- Venue: London Olympic Stadium
- Dates: 3 and 4 September
- Competitors: 11 from 9 nations

Medalists
- 1st place, gold medalist(s):  / Fedor Trikolich / Russia
- 2nd place, silver medalist(s):  / Mateusz Michalski / Poland
- 3rd place, bronze medalist(s):  / Li Yansong / China

= Athletics at the 2012 Summer Paralympics – Men's 100 metres T12 =

The Men's 100 metres T12 event for the 2012 Summer Paralympics took place at the London Olympic Stadium on 3 and 4 September.

==Records==
Prior to the competition, the existing World and Paralympic records were as follows.

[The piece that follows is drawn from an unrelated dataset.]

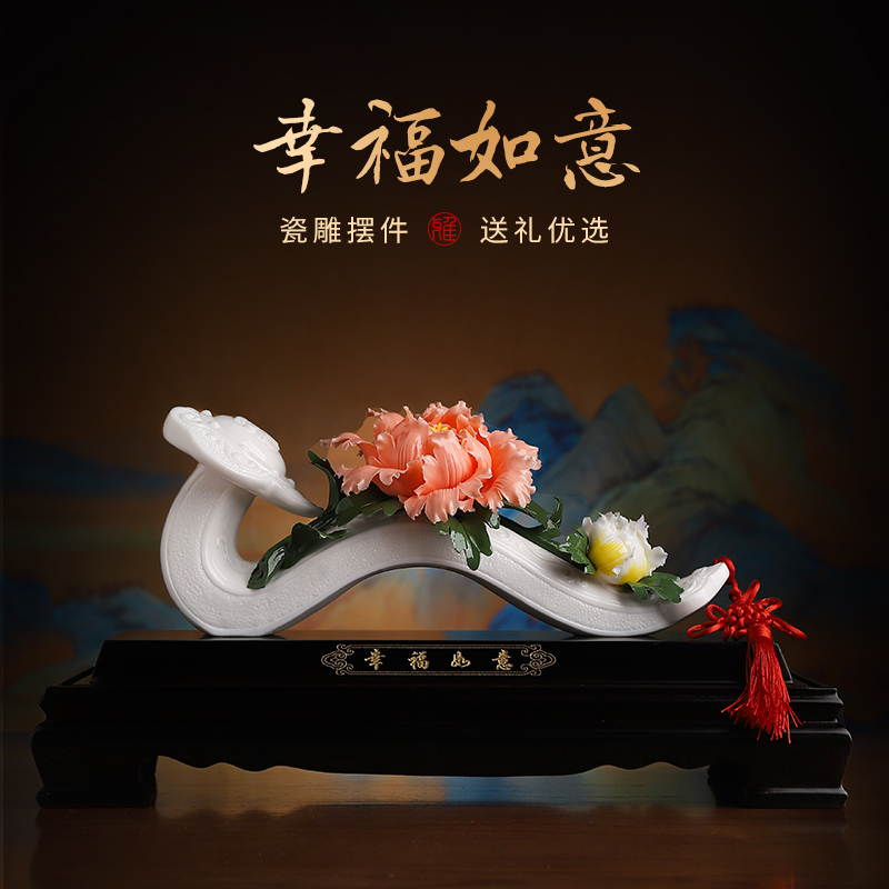 牡丹瓷花如意陶瓷摆件客厅轻奢高档办公室酒柜玄关装饰品送礼礼品

| World record | Elchin Muradov (AZE) | 10.66 | Imola, Italy | 19 June 2010 |
| Paralympic record | Adekunle Adesoji (NGR) | 10.75 | Athens, Greece | 22 September 2004 |

==Results==

===Round 1===
Run 3 September 2012 from 11:41. Qual. rule: winner of each heat (Q) plus best second place (q) qualified.

====Heat 1====

| Rank | Athlete | Country | Time | Notes |
|---|---|---|---|---|
| 1 | Fedor Trikolich | Russia | 10.91 | Q, PB |
| 2 | Maximiliano Rodriguez | Spain | 11.12 | q, SB |
| 3 | Yang Yuqing | China | 11.16 | RR |
| 4 | Gabriel Potra Guide: Ricardo Pacheco | Portugal | 11.65 |  |
|  |  |  | Wind: -0.9 m/s |  |

====Heat 2====

| Rank | Athlete | Country | Time | Notes |
|---|---|---|---|---|
| 1 | Li Yansong | China | 10.96 | Q, RR |
| 2 | Thomas Ulbricht | Germany | 11.29 |  |
| 3 | Ahmed Abdul Amir Kadhim | Iraq | 11.77 | SB |
| 4 | Josiah Jamison Guide: Jerome Avery | United States | DQ |  |
|  |  |  | Wind: -0.3 m/s |  |

====Heat 3====

| Rank | Athlete | Country | Time | Notes |
|---|---|---|---|---|
| 1 | Mateusz Michalski | Poland | 11.01 | Q |
| 2 | Jorge B. Gonzalez Sauceda | Mexico | 11.60 | SB |
| 3 | Rodolfo Alves | Portugal | 11.91 |  |
|  |  |  | Wind: +0.8 m/s |  |

===Final===
Run 4 September 2012 at 19:25.

| Rank | Athlete | Country | Time | Notes |
|---|---|---|---|---|
| 1st place, gold medalist(s) | Fedor Trikolich | Russia | 10.81 | PB |
| 2nd place, silver medalist(s) | Mateusz Michalski | Poland | 10.88 |  |
| 3rd place, bronze medalist(s) | Li Yansong | China | 10.91 | RR |
| 4 | Maximiliano Rodriguez | Spain | 11.20 |  |
|  |  |  | Wind: +0.4 m/s |  |

Q = qualified by place. q = qualified by time. RR = regional record. PB = personal best. SB = seasonal best. DQ = disqualified.